Task statement ▸ When you repeat the material, keep each line exact and omit the pictures.

Information supplied ▸
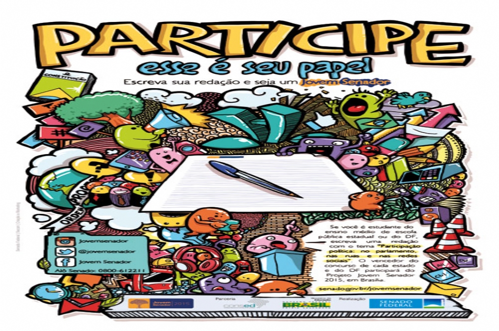 Os alunos de ensino médio das escolas da rede estadual de ensino poderão participar do 8º Concurso de Redação do Senado, iniciativa do projeto Jovem Senador, que tem como objetivo proporcionar aos estudantes do ensino médio das escolas públicas estaduais e do Distrito Federal, que tenham até 19 anos de idade, conhecimento acerca da estrutura e do funcionamento do Poder Legislativo no Brasil.
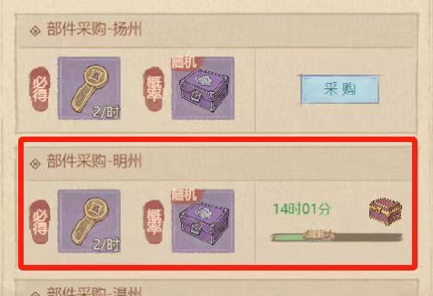 逐个部件升级:每天主要采购1种部件,都升到紫色品质后再换其他部件,全紫色之后再回头采购一种部件,升到橙色品质,依次类推。这样可以逐步提升行商效率,避免资源浪费。(想迅速合成橙色配件,就要寻一个部件,集中力量合成)
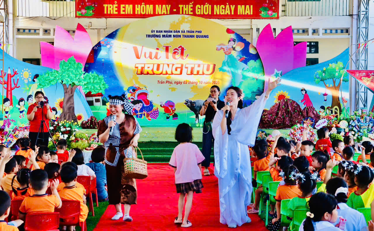 Các bé trường mầm non Thanh Quang vui trung thu cùng chú Cuội, chị HằngChương trình diễn ra với nhiều hoạt động sôi nổi và giàu ý nghĩa, tạo không gian gắn kết giữa cô và trò. Các em nhỏ được thưởng thức tiết mục múa lân sôi động, tham gia giao lưu với chú Cuội, chị Hằng, hòa mình vào những bài múa hát, trò chơi đố vui hấp dẫn, phá cỗ trông trăng. Đặc biệt, lãnh đạo xã, các doanh nghiệp trên địa bàn, cùng phụ huynh và nhà trường đã trao nhiều phần quà động viên, khích lệ tinh thần học tập, rèn luyện của các em.
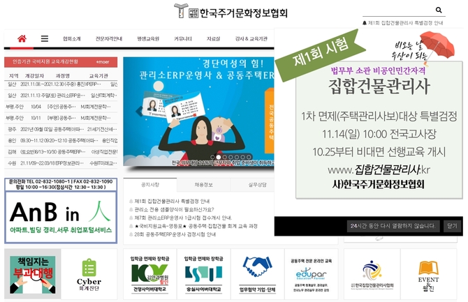 교육·접수·응시 절차 등 자세한 사항은 주거문화정보협회 홈페이지를 참조하면 된다. 협회는 집합건물관리사협회와 업무협약을 맺고 교육은 열린사이버대학과 함께 진행한다.
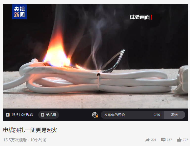 IT之家 11 月 10 日消息,据央视新闻今日报道,消防检查发现在日常电器使用中,许多人习惯将电线捆扎或者缠绕在一起,这可能会导致聚热升温甚至引发火灾。
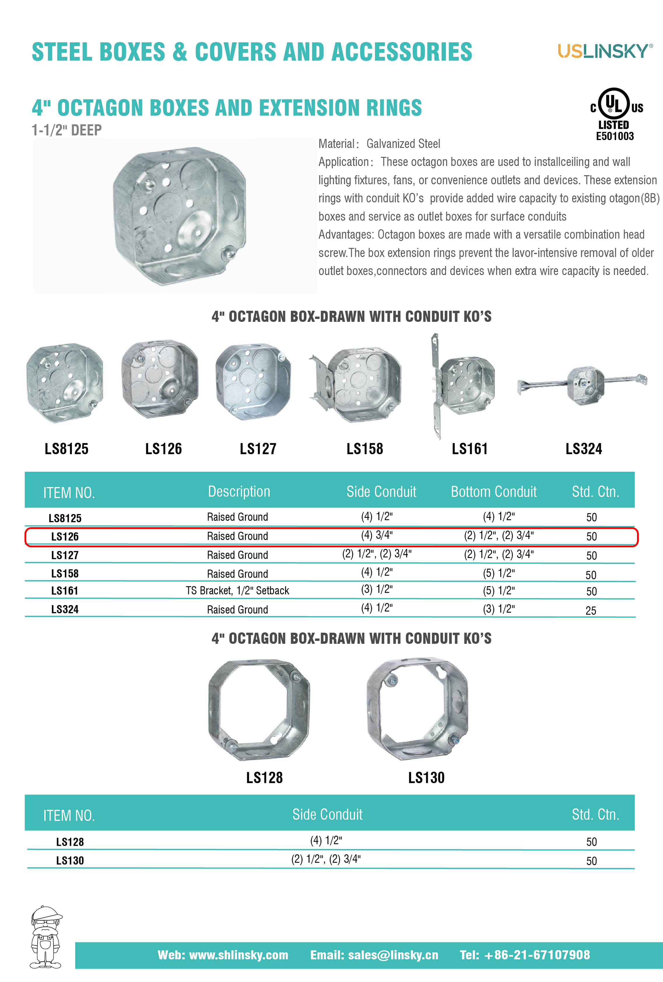 UL Safety Certified Metallic Outlet Boxes - Certificate No. E501003 - 20250328

Reply to the exercise ▸
 Os alunos de ensino médio das escolas da rede estadual de ensino poderão participar do 8º Concurso de Redação do Senado, iniciativa do projeto Jovem Senador, que tem como objetivo proporcionar aos estudantes do ensino médio das escolas públicas estaduais e do Distrito Federal, que tenham até 19 anos de idade, conhecimento acerca da estrutura e do funcionamento do Poder Legislativo no Brasil.
 逐个部件升级:每天主要采购1种部件,都升到紫色品质后再换其他部件,全紫色之后再回头采购一种部件,升到橙色品质,依次类推。这样可以逐步提升行商效率,避免资源浪费。(想迅速合成橙色配件,就要寻一个部件,集中力量合成)
 Các bé trường mầm non Thanh Quang vui trung thu cùng chú Cuội, chị HằngChương trình diễn ra với nhiều hoạt động sôi nổi và giàu ý nghĩa, tạo không gian gắn kết giữa cô và trò. Các em nhỏ được thưởng thức tiết mục múa lân sôi động, tham gia giao lưu với chú Cuội, chị Hằng, hòa mình vào những bài múa hát, trò chơi đố vui hấp dẫn, phá cỗ trông trăng. Đặc biệt, lãnh đạo xã, các doanh nghiệp trên địa bàn, cùng phụ huynh và nhà trường đã trao nhiều phần quà động viên, khích lệ tinh thần học tập, rèn luyện của các em.
 교육·접수·응시 절차 등 자세한 사항은 주거문화정보협회 홈페이지를 참조하면 된다. 협회는 집합건물관리사협회와 업무협약을 맺고 교육은 열린사이버대학과 함께 진행한다.
 IT之家 11 月 10 日消息,据央视新闻今日报道,消防检查发现在日常电器使用中,许多人习惯将电线捆扎或者缠绕在一起,这可能会导致聚热升温甚至引发火灾。
 UL Safety Certified Metallic Outlet Boxes - Certificate No. E501003 - 20250328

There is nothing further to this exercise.